(click on photos to enlarge)
- Over 500 men off benefit April 15th, 232 from Midland, 123 from Penetang
- Frank Doherty elected president of Midland Rotary Club, John Jory is vice-president
- Trucks to replace rail for express and mail in most of North Simcoe, late night & early morning passenger trains also cancelled
- Bell starts changeover of dial plates in Penetang, number only dials replaced with number & letter dials
- More than 2,000 attend Midland Lions Club ice revue “Tropical Heat” at Arena Gardens
- Fundraising to furnish the new addition to St. Andrew’s Hospital in Midland now over $130,000.00
- 21 inches of snow in last week’s severe storm
- Only one paper this week due to Good Friday being a statutory holiday
Quartet from MPDHS won the invitational section of the school boy bonspiel in Owen Sound last week. Skip John Scott holding the trophy, Ross Hastings, Ken Gauthier and Peter Moreau.
Accompanied by their teachers, Miss Helen Laidlaw and John Yelland, grade 2 and 3 students from Regent Public School visit Artie Gardiner’s sugar bush near Wyebridge. Bonnie Leclair, 7, is reluctant to sample the sap being offered by John Barber, 8. The little flies make it taste better!
Gudrun Mandler, 8, and Siegrid Mandler, 9, enjoy the fresh maple syrup, the siblings recently arrived from Germany with their parents who work at the Leitz plant in Midland.
John Anderson with a huge tank of sap on a sleigh, Elizabeth Boldt, Mary Taylor, Ross Palmer and Dickie Puddicombe inspect the fresh sap.
Charles Burton Edwards and his wife, Jessie May Smeltzer celebrate their 50th wedding anniversary. Charlie was born at Conc. 1 Tay Twp. near Wyebridge on December 21st, 1879. After attending Rankin’s School he worked on his father’s farm before going “steamboating” for five years, tiring of that he got a job at Gidley’s Boat Works in Penetang where he stayed for nine years. He then held a similar position at Monette Boat Works in Bracebridge for a few years, returning to Gidleys for another seven years. Leaving the boat business to became a building contractor in Toronto a trade he followed for fifteen years. During the war he served as a pattern maker at DeHavilland Aircraft working on the famed wooden Mosquitoe bombers, staying there until he retired in 1947.

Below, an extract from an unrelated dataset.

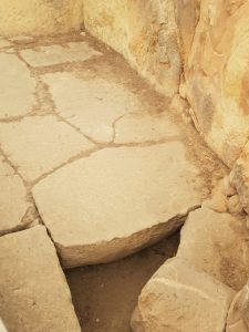 This is the floor of the temple, made from thick stone and so not just the compacted earth floor that might otherwise have been expected.

Taking the story back to his farm days, Charlie had decided to go to British Columbia to make his life when he stopped overnight in South River Ontario and stayed at a boarding house where the owner’s sister Jessie happened to be visiting. Charlie never got to B.C., they were married in Penetang on March 29th, 1905 and are now living at 278 Fourth Street (302 Fourth St., new numbering) they have five children, ten grand children and good health. Charlie still works occasionally building cottages, making cupboards and other small jobs but more often now its fishing and gardening that he enjoys most. One son, Howard (Bud), lives in Midland.
Caleb Truman and Toby live at 625 Bay Street. Known to many in Midland simply as “the man with the little black dog”. “He goes everywhere I do except to Knox Church on Sunday mornings,” smiles Caleb. Born in Derbyshire England in 1872, at 12 he became a pit pony driver in the coal mines, working from 6 AM till 3 PM for a shilling a day. After seven years in the mines he enlisted in the Royal Garrison Artillery and fought in the Boer War and the Indian border wars before returning to England as a Sergeant. He emigrated in 1905 and on the ship he met four other men bound for Canada, one being Arthur Marks from Midland. The entire group got jobs in a stave and lath mill at Edenville for 18 cents per hour, 10 hour days. His next job was pouring cement for the new Tiffin Elevator in Midland but that only lasted four months. After that he got a job at the Drummond smelter, Midland’s main industry at the time besides the saw mills, the smelter employed 200 men. There was a strike at the smelter, the men were asking for 3 eight hour shifts instead of the 13 hour night shift and 11 hour day shift. The company refused and the men eventually went back to the old system but the smelter business did not last long after that. Caleb and other employees found work at the International Nickel Company in Sudbury where he became a foreman in the sulphide division, a position he held for 26 years until his retirement in 1945 when he returned to Midland. Caleb married Annie Scott, daughter of Thomas Scott of Midland in 1907. Mrs. Truman died in 1944 and their only child Laura, died at a young age. Caleb belonged to the Sons of England, then one of Midland’s strongest lodges and the Masonic Order. His favourite hobby now is writing poetry, he has 75 compositions he hopes to publish some day.